Based on and subject to the foregoing and to the additional qualifications set forth below, it is our opinion that the shares of OTEC Common Stock have been duly authorized and, when issued, delivered and paid for in accordance with the terms of the Merger Agreement, will be validly issued, fully paid, and nonassessable.

 

California | Colorado | District of Columbia | Florida | Georgia | Maryland | Massachusetts

Minnesota | New York | North Carolina | Ohio | South Carolina | Tennessee | Texas | Virginia | West Virginia

  

 

 

 

OceanTech Acquisitions I Corp. 

Page 2

 

We are expressing no opinion as to any obligations that parties other than the Company may have under or in respect of the OTEC Common Stock or as to the effect that their performance of such obligations may have upon any of the matters referred to above.

 

We hereby consent to the reference to our firm in the Registration Statement under the heading “Legal Matters” and to the filing of this opinion as an exhibit to the Registration Statement. The consent shall not be deemed to be an admission that this firm is an “expert” within the meaning of Section 11 of the Securities Act or within the category of persons whose consent is required under Section 7 of the Act or the regulations promulgated pursuant to the Act.
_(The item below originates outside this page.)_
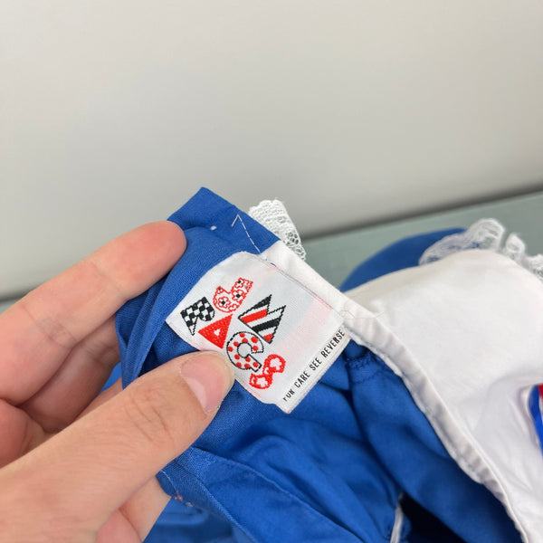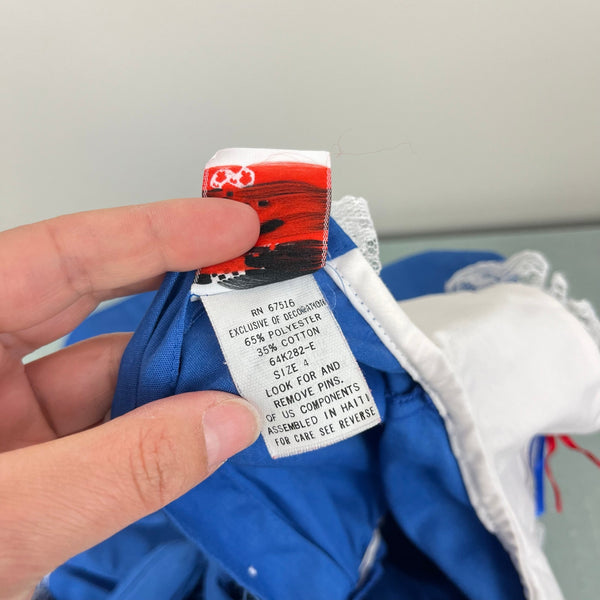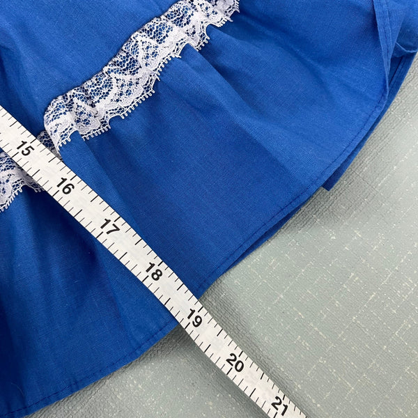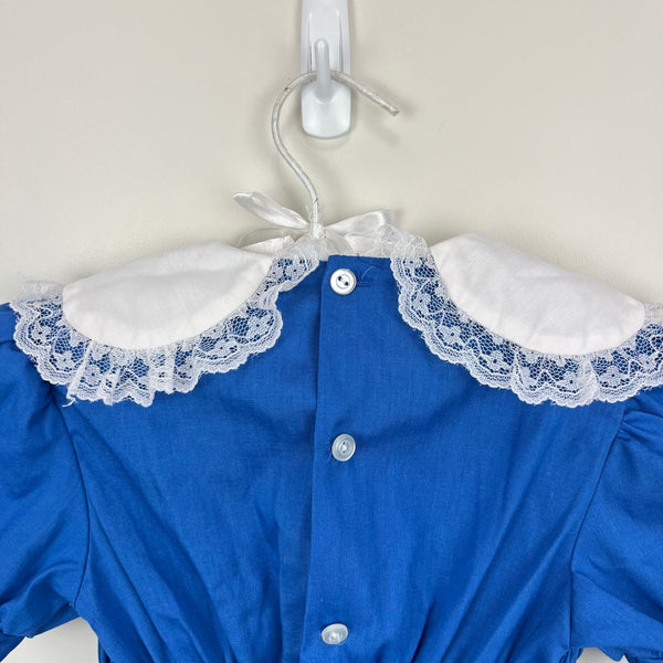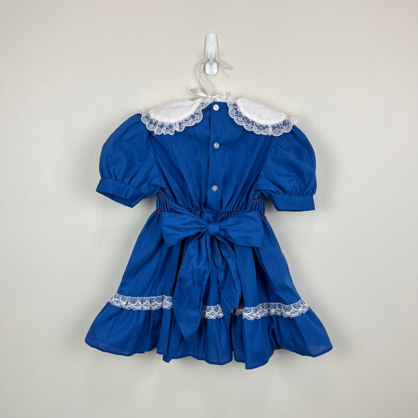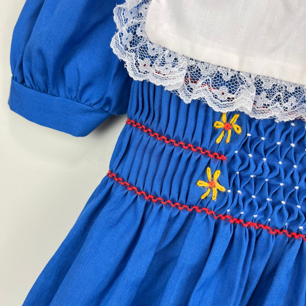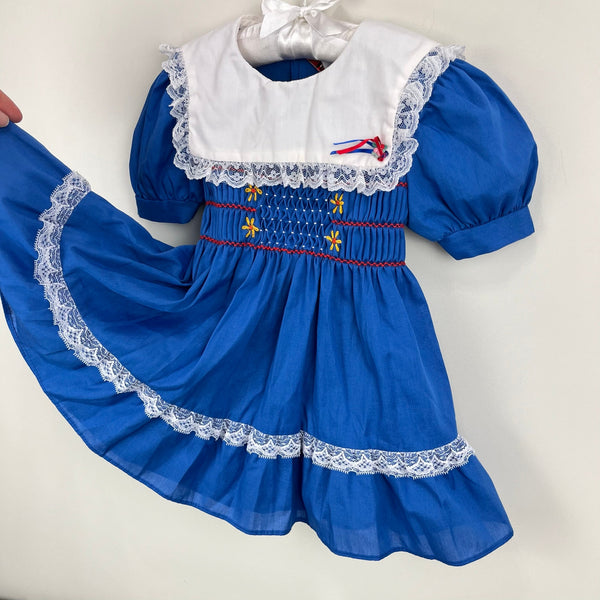 Vintage JM Rags Blue Smocked Ruffle Lace Party Dress. Toddler girl size 4T. Short sleeve blue dress with oversized white bib collar lined in lace. Gorgeous smocking with colorful embroidered flowers across the chest. Elastic in the the waist for a perfect fit. Buttons closure and a sash to tie a nice big bow! Full circle skirt is perfect for twirling! Great conditipn with no flaws noted.

This opinion is provided for use in connection with the Registration Statement and may not be relied upon for any other purpose or in connection with any other matters.

 

Our opinion expressed above is subject to the qualification that we express no opinion as to the applicability of, compliance with, or effect of any laws other than the Delaware General Corporation Law (including the statutory provisions, all applicable provisions of the State of Delaware and reported judicial decisions interpreting those laws). We do not find it necessary for the purposes of this opinion, and accordingly we do not purport to cover herein, the application of the securities or “Blue Sky” laws of the various states to the issuance and sale of the OTEC Common Stock. This opinion is limited to the specific issues addressed herein, and no opinion may be inferred or implied beyond that expressly stated herein. We assume no obligation to revise or supplement this opinion should the Delaware General Corporation Law be changed by legislative action, judicial decision or otherwise.